Multicellular organisms are constantly interacting with microbes. Pathogens are microbes that can cause harm to the host if not properly controlled, therefore pathogen clearance is an essential part of survival of all multi-cellular organisms. Equally important factors in survival are host resilience mechanisms, or host processes that increase survival independent of pathogen burden. Not only can pathogens themselves cause damage to the host, the immune response that eradicates pathogens can cause harm in the form of immunopathology. Controlling and repairing damage are important factors in host resilience, and depending on the site of infection the specific mechanisms vary. This study examines the multiple roles that cells of the innate immune response play in both pathogen clearance and host resilience in response to both systemic and pulmonary pathogens.

Introduction

Pathogen clearance and host resilience/tolerance are both important in surviving a given infection [1,2] [3] [4] [5]. A main purpose of the immune response is to identify and clear invading pathogens. However, highly resilient hosts can survive infection with a given pathogen, independent of the ability of the immune response to clear it. One aspect of host resilience is prevention and repair of extensive tissue damage. Both the immune response and pathogens themselves can cause damage to the infected host [2] [3] [4] [5]. So while the immune system must act to clear a pathogen, it must also be carefully controlled in order to prevent excessive damage. This study seeks to understand the role that myeloid cells, cells of the innate immune response, play in both pathogen clearance and host resilience.

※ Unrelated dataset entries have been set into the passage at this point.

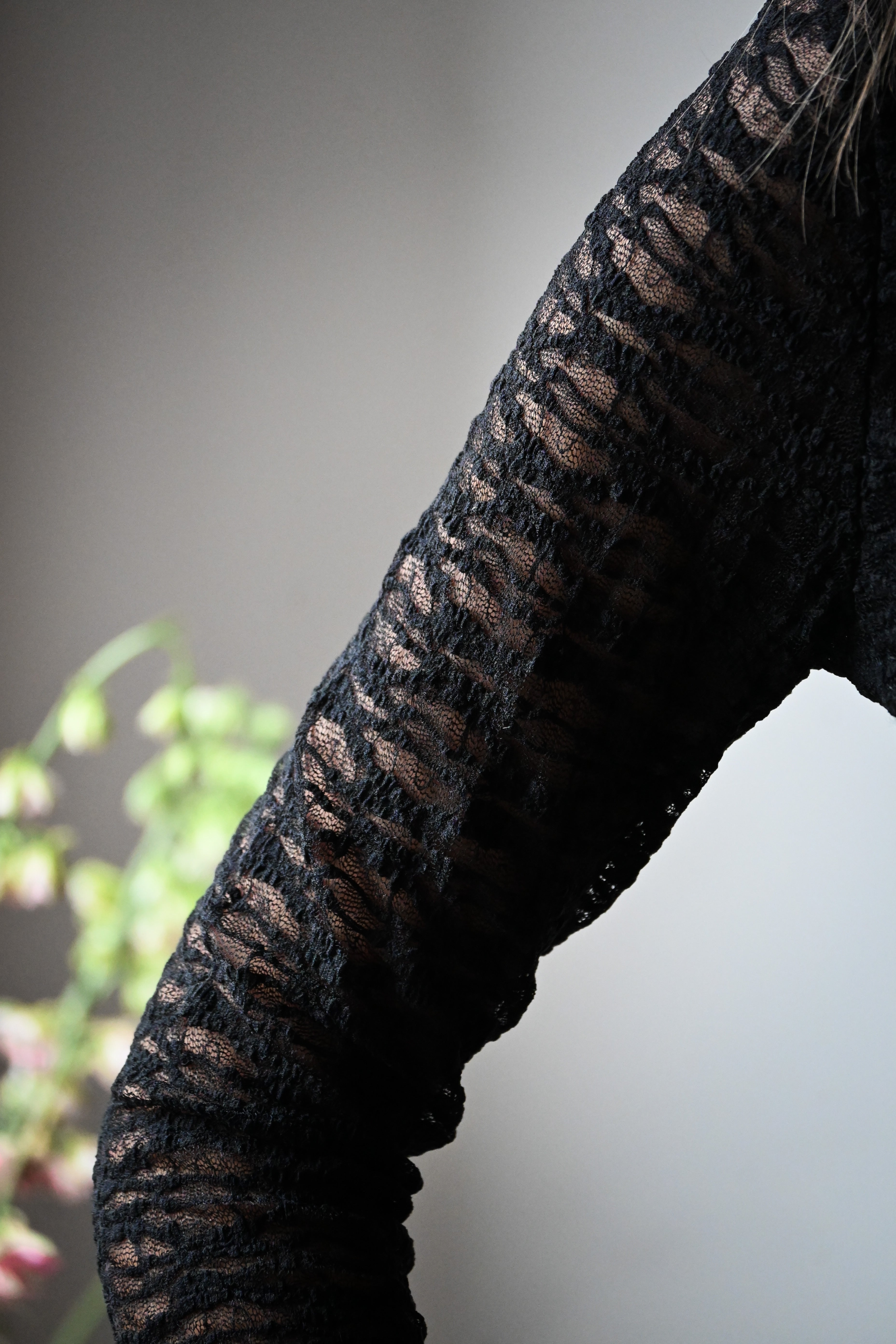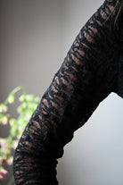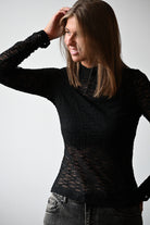 Cette blouse courte à manches longues en dentelle noire séduit par son délicat bandeau sur la poitrine et son col montant élégant. Disponible en tailles S, M et L, elle allie sophistication et charme pour sublimer votre silhouette.
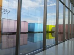 水面に浮かぶカラフルな箱型の部屋は可動式になっています。「被爆80年特別企画HIROSIMA2045−過去と現在を未来に繋ぐ」が開催されていました。
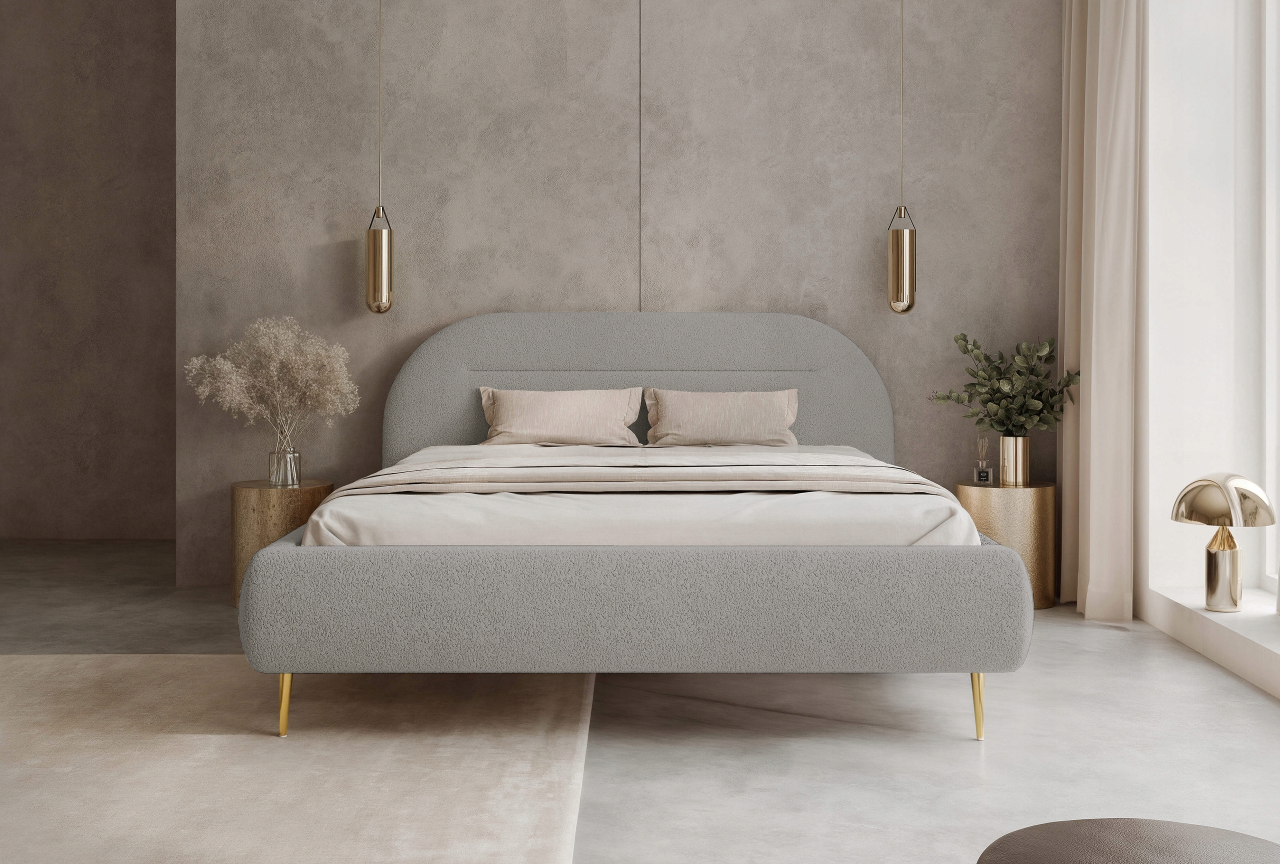 Łóżko tapicerowane Apolline II to nowoczesne i eleganckie łóżko sypialniane 140x200, które wyróżnia się modnym półokrągłym wezgłowiem oraz subtelnie obłą ramą, nadającą wnętrzu lekkości i przytulnego charakteru. Model został obity miękką, przyjemną w dotyku tkaniną pluszową Monte, która podkreśla jego stylowy wygląd.

Myeloid cells, including monocytes, macrophages, dendritic cells (DCs), and neutrophils, are an essential part of the innate immune system. During the early stages of the immune response they are essential in both direct phagocytosis and destruction of pathogens, and activation of other immune cells by secretion of cytokines and chemokines [69] [10] [8]. They also have important roles in immunoregulation and tissue repair that are crucial in surviving an infection [1113] [14] [15] [16]. If myeloid cells are not carefully controlled they can cause excessive inflammation that can lead to immunopathology and decreased host resilience [1720] [10] [11] [21]. The importance of myeloid cells in the innate immune response against infection often makes them a target of pathogens. Microorganisms will manipulate the cells in order to survive, proliferate, and spread to other cells [7,22] [23]. One mechanism of both controlling pathogen replication and host inflammation is programmed cell death (PCD). There are many different PCD pathways of which apoptosis and autophagic cell death are largely non-inflammatory [6,16,24,25] and pyroptosis and necrosis are considered inflammatory [15,22,26] [27]. Apoptotic cell death is controlled by a caspase cascade, of which caspase-3 and caspase-7 are central players [28]. Pro- and anti-apoptotic proteins regulate apoptotic cell death. One key protein that regulates many types of PCD, but in particular apoptosis is B-cell lymphoma (bcl)-2. Infected myeloid cells will undergo cell death in order to control pathogen dissemination and replication [27] [29] [30] [31] [32]. Once the pathogen is cleared myeloid cells will undergo apoptosis to prevent excessive inflammation and immunopathology [24,25] [33] [34] [35] [26].

We have developed a mouse model with decreased myeloid cell death in order to understand the impact it has on pathogen clearance and host resilience to infection. This mouse expresses the anti-apoptotic protein human bcl-2 under the control of the CD68 promoter (CD68(bcl2)tg). This limits ectopic bcl-2 expression to cells of the myeloid lineage including monocytes, macrophages, neutrophils, and DCs. Bcl-2 primarily prevents apoptotic and autophagic cell death [25] [36] [37,38], thus making this an ideal model for studying the role of non-inflammatory myeloid PCD in pathogen clearance and host resilience.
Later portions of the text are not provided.